Top of SUPPLIED MATERIAL
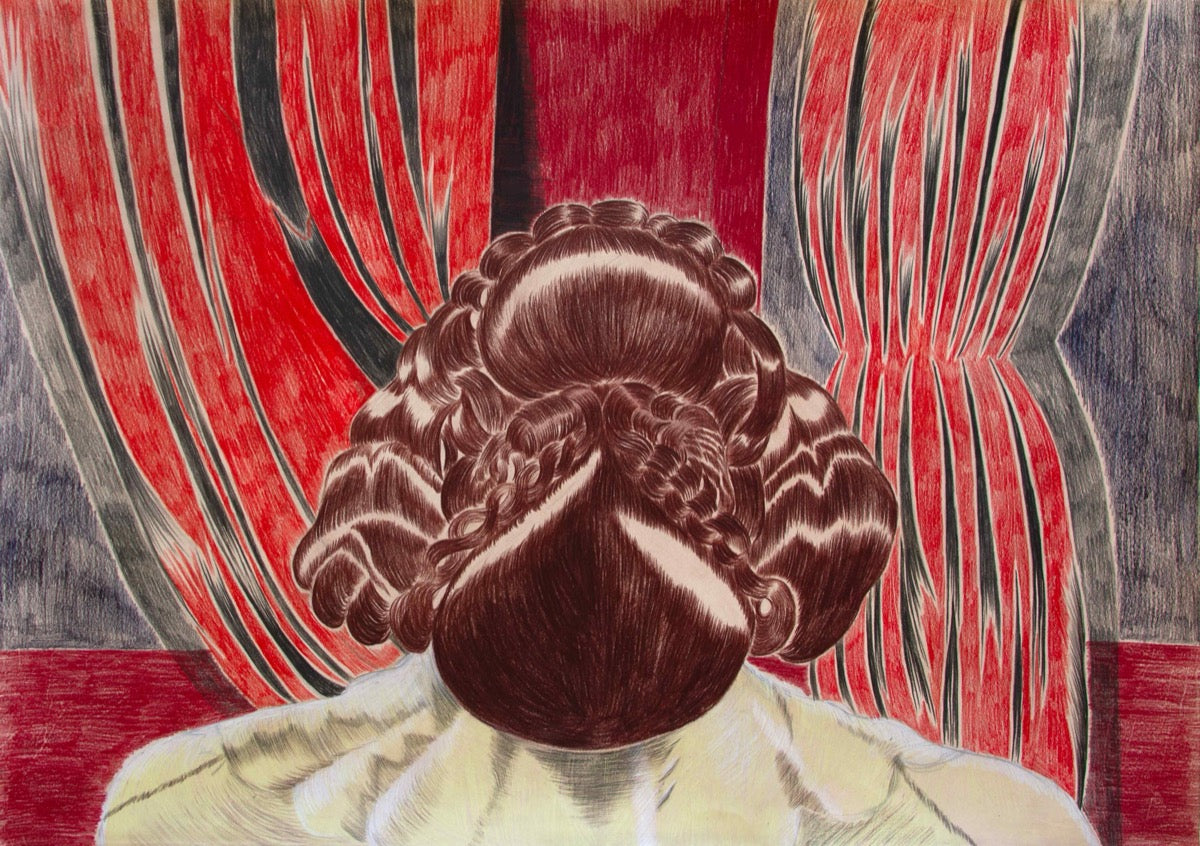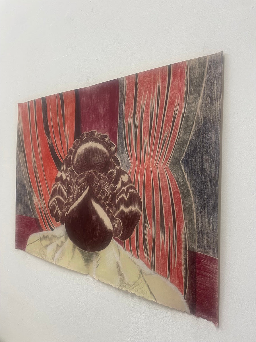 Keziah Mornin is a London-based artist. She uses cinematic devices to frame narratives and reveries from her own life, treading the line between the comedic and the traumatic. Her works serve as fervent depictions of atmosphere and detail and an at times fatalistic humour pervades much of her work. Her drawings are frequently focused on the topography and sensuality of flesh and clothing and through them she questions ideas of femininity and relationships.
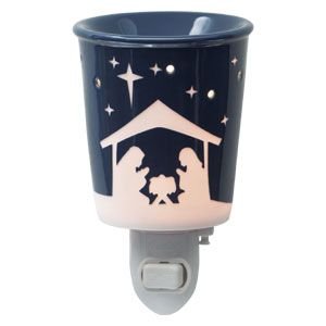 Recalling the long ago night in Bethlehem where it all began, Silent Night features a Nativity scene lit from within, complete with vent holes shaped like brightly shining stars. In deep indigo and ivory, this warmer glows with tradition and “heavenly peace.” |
Bottom of SUPPLIED MATERIAL
Top of SUPPLIED MATERIAL
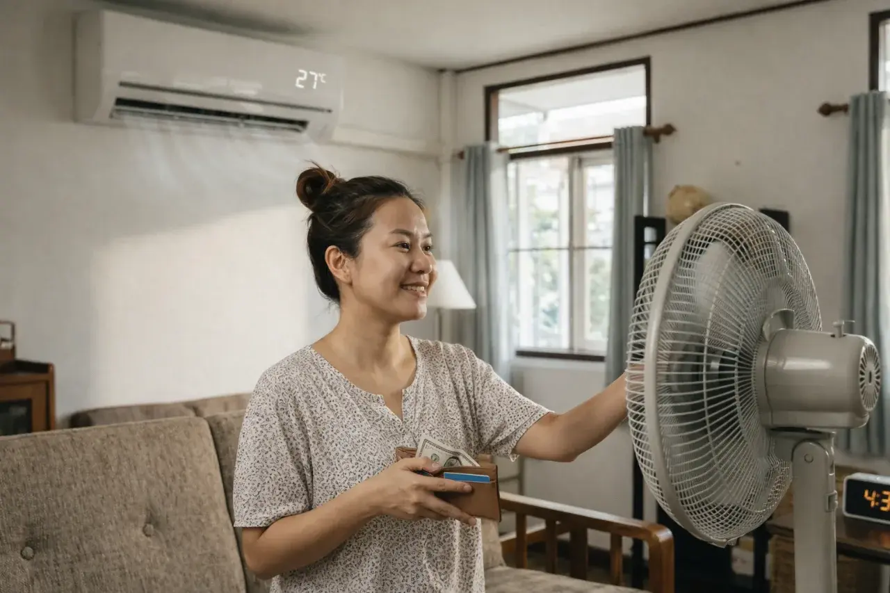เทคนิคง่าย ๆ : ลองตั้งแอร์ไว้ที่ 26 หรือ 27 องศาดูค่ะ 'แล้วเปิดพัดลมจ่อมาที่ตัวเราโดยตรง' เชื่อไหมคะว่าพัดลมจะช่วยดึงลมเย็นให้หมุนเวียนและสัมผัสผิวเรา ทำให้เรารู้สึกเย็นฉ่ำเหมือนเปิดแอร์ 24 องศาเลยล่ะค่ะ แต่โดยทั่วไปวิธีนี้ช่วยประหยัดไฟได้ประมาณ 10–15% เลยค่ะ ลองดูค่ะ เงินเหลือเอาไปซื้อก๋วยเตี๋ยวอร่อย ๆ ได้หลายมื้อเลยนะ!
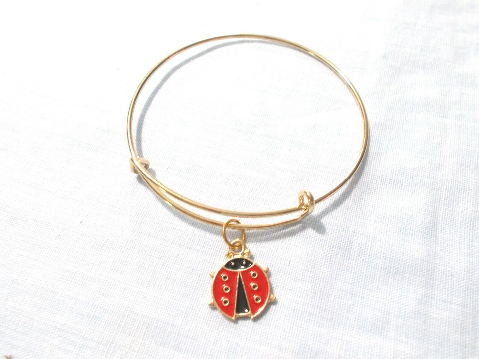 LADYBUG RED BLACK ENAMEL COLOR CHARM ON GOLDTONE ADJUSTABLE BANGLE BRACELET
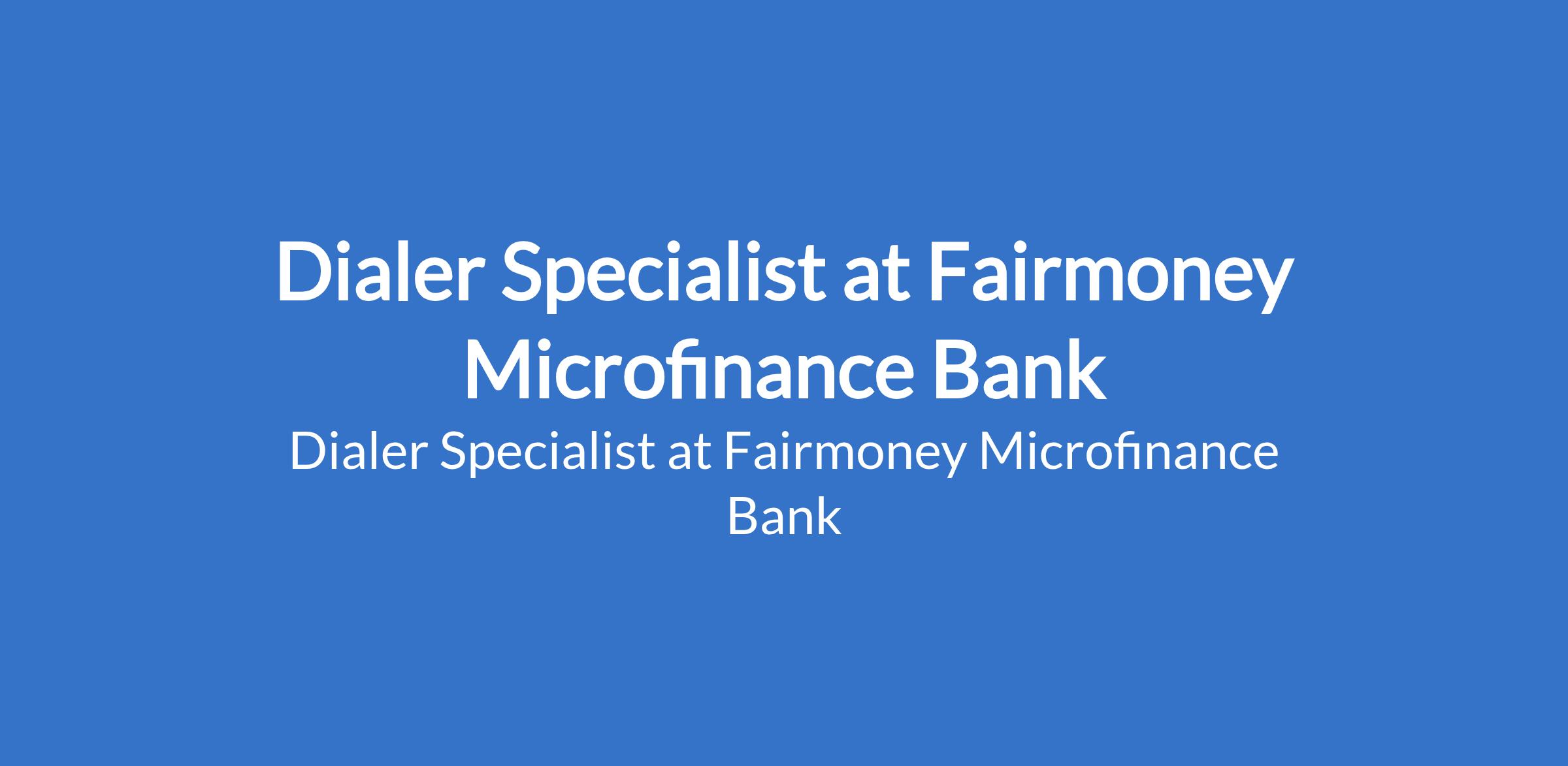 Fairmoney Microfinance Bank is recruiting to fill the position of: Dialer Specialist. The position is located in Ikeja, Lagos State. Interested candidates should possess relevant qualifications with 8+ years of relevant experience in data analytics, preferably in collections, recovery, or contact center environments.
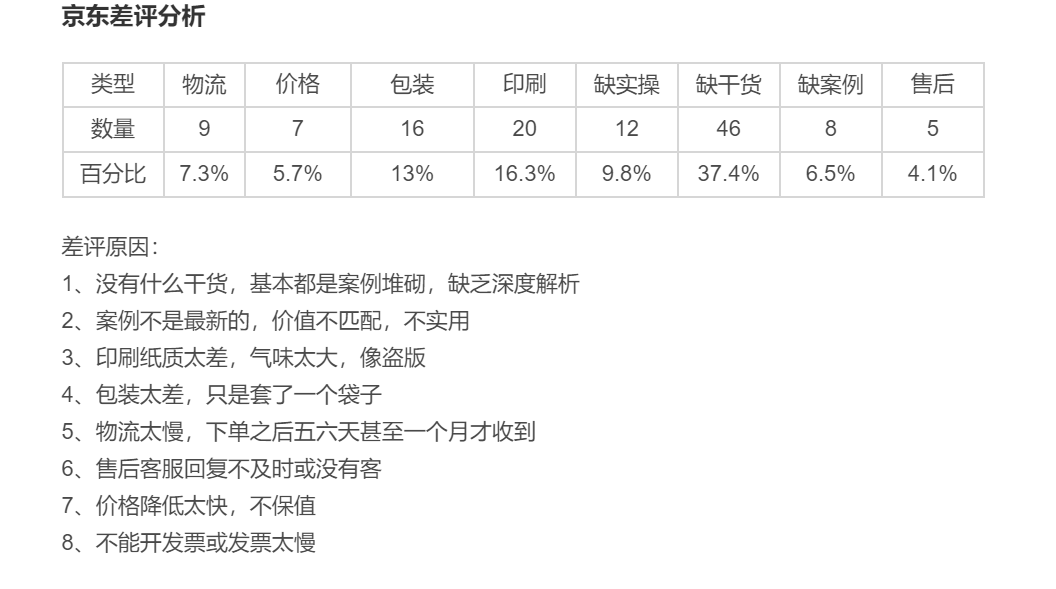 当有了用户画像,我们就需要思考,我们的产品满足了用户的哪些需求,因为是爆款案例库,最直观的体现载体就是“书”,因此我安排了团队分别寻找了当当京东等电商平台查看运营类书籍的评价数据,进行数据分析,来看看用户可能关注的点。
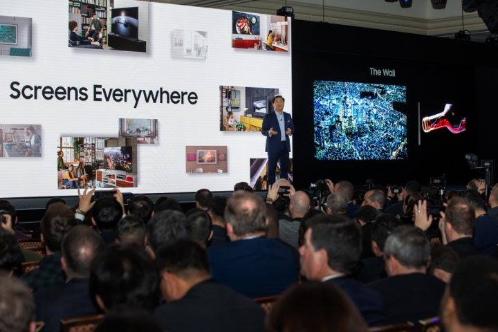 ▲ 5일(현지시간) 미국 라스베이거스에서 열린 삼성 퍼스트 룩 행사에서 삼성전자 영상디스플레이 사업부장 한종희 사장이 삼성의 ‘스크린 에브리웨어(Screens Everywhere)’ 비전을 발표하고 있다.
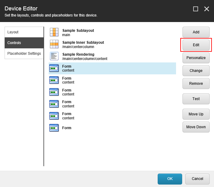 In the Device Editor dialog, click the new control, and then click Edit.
Bottom of SUPPLIED MATERIAL
Would you print exactly the lines in the listing above, from the line bearing "Fairmoney Microfinance Bank" through the line bearing "In the Device", leaving out all pictures?

 Fairmoney Microfinance Bank is recruiting to fill the position of: Dialer Specialist. The position is located in Ikeja, Lagos State. Interested candidates should possess relevant qualifications with 8+ years of relevant experience in data analytics, preferably in collections, recovery, or contact center environments.
 当有了用户画像,我们就需要思考,我们的产品满足了用户的哪些需求,因为是爆款案例库,最直观的体现载体就是“书”,因此我安排了团队分别寻找了当当京东等电商平台查看运营类书籍的评价数据,进行数据分析,来看看用户可能关注的点。
 ▲ 5일(현지시간) 미국 라스베이거스에서 열린 삼성 퍼스트 룩 행사에서 삼성전자 영상디스플레이 사업부장 한종희 사장이 삼성의 ‘스크린 에브리웨어(Screens Everywhere)’ 비전을 발표하고 있다.
 In the Device Editor dialog, click the new control, and then click Edit.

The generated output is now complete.